Тогда он почему-то пожалел их, не всадил еще по «стрелке», чтобы не очухались и через неделю. А теперь ругал себя за неуместную жалость.

"Нерингу" он увидел еще издали. Небольшой сухогруз, низко осевший в воду под тяжестью разноцветных контейнеров, стоявших на палубе. И господина Леммера нашел быстро. Его, собственно, и искать не пришлось, стоял на причале возле судна, разговаривал с капитаном, походившим на курортника в розовой тенниске-безрукавке и белой панамке на седеющей голове.

– Сопровождающий? – удивился капитан. – Зачем? Контейнеры будут доставлены в Калининград. Встречайте там.

– Но поскольку я уже здесь…

– У меня нет свободных кают.

Давить капитана именами общих знакомых Кондратьеву не хотелось, и он начал думать о том, чтобы отправить на «Неринге» лишь чемодан с архивом. Сам-то он как-нибудь из Германии выберется.

– Поговорите с кем-нибудь из команды, – предложил капитан. – Может, кто уступит койку, пока на вахте.

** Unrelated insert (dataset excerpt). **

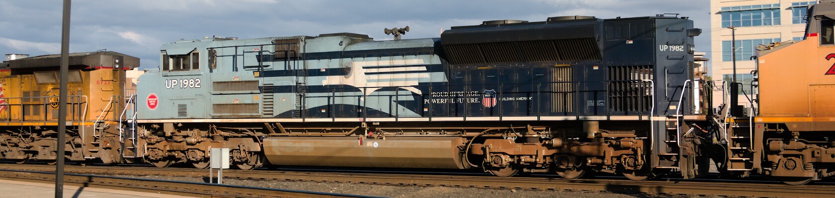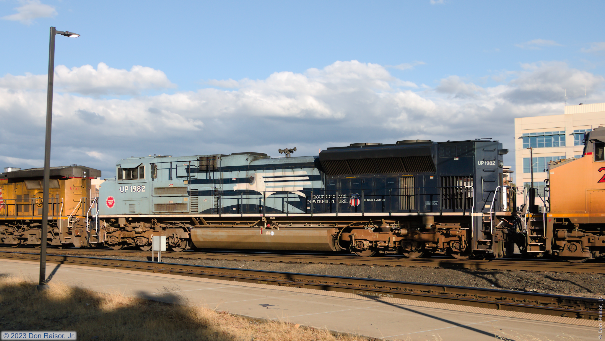 The heritage unit that represents fallen flag Missouri Pacific Lines is part of the light power move. (Previous photo.)

Вопрос был решен до удивления легко и просто: в наше время повальной приватизации за деньги могли уступить не то что койку, а и весь теплоход. Электрик судна, первый, к кому он обратился, не устоял перед возможностью приработка, и уже через полчаса Кондратьев, отдав свои документы капитану, обминал верхнюю койку в каюте электрика. Маячить на палубе он счел нецелесообразным, уходить в город – тем более и решил, что скоротать время до отхода лучше всего во сне. Теперь, когда расслабился, давали себя знать дорожные бдения.

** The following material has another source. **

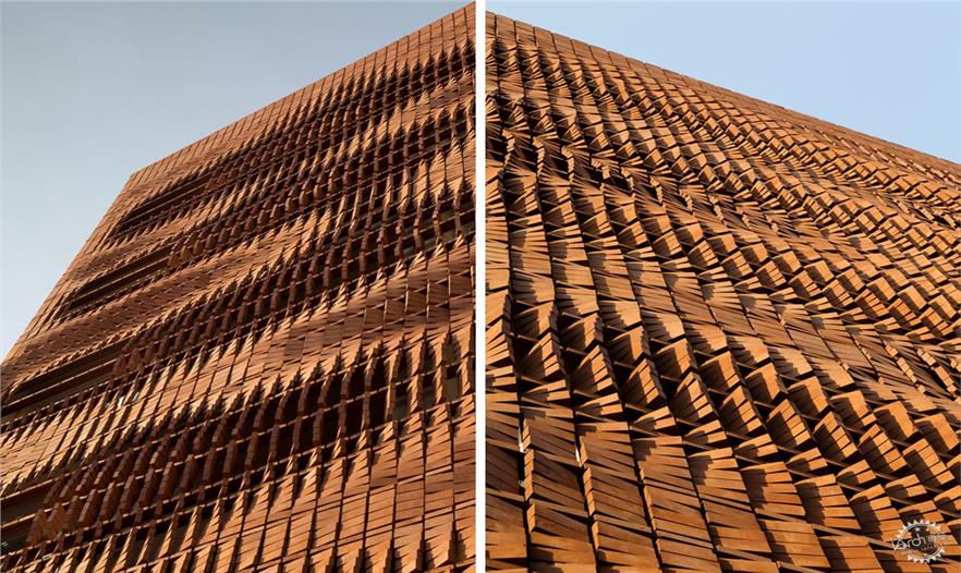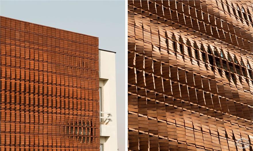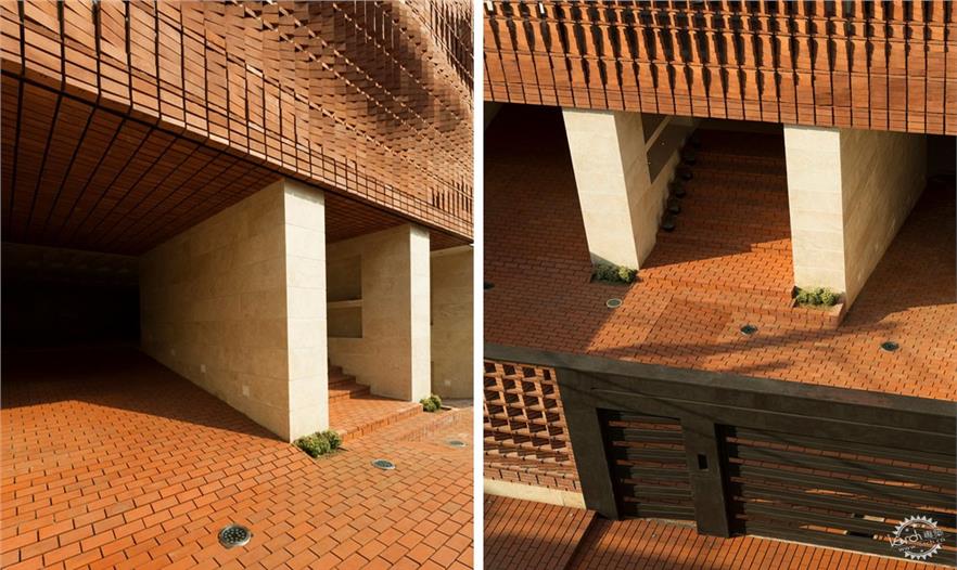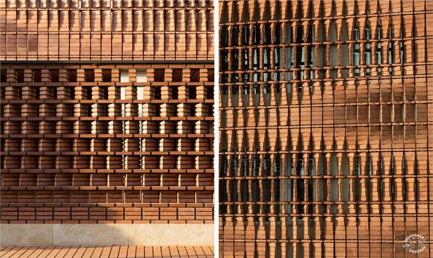 這種獨特的磚材料即使單獨使用時也可以創(chuàng)建一個動態(tài)的立面,使得建筑內(nèi)外一直充滿著活力。白天,立面的彩色紋理的變化創(chuàng)造出不同的光影,內(nèi)部空間也一樣。

Койка была коротковата, и вытянуться во всю длину ему не удавалось: голова упиралась в переборку, пятки – в стенку шкафчика. Он лежал, согнув ноги в коленях, и прислушивался к звукам. Откуда-то доносились шаги, а то и частый перестук каблуков, слышались непонятные команды, что-то колотилось в машине, – вибрация ощущалась спиной сквозь матрац.

Проснулся Кондратьев от непонятного тревожного чувства. Койка под ним покачивалась, а это значило, что судно уже вышло в море. Он соскочил с койки, оделся, собираясь выйти на палубу. Уже подойдя к двери, вернулся, выдвинул рундук, достал черный чемодан. Вдруг очень захотелось посмотреть, что же собой представляет с таким трудом добытый архив.

Но запертый на два цифровых замка чемодан открыть было непросто. Подбирать цифры – провозиться до утра. Кондратьев покопался в ящике стола электрика, нашел отвертку и с ее помощью открыл чемодан. И увидел газеты. В чемодане были одни только газеты и вырезки из газет, подобранные по той же теме советско-номенклатурного предательства. Газетная информация тоже могла пригодиться, но это были все же не документы с фактами, датами, подписями. Стало обидно до слез: столько хлопот, столько стараний, даже риска, и все коту под хвост.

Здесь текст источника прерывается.